== DATASET RECORDS ==
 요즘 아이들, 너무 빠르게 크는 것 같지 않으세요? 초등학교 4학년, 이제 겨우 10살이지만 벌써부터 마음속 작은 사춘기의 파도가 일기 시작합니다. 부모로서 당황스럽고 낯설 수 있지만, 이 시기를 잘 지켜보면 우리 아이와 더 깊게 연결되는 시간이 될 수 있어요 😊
==
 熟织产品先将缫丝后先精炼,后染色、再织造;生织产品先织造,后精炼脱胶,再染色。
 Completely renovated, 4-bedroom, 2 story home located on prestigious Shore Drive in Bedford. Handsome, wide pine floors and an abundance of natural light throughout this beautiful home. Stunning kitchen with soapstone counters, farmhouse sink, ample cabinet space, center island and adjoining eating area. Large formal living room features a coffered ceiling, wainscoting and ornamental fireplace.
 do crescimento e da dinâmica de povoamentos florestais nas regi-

== PROBLEM DESCRIPTION ==
Lines wanted from the listing above: the line with "Completely renovated, 4-bedroom, 2" up to and including the line with "do crescimento e". Please write them out exactly, adding nothing else.

== SOLUTION BELOW ==
 Completely renovated, 4-bedroom, 2 story home located on prestigious Shore Drive in Bedford. Handsome, wide pine floors and an abundance of natural light throughout this beautiful home. Stunning kitchen with soapstone counters, farmhouse sink, ample cabinet space, center island and adjoining eating area. Large formal living room features a coffered ceiling, wainscoting and ornamental fireplace.
 do crescimento e da dinâmica de povoamentos florestais nas regi-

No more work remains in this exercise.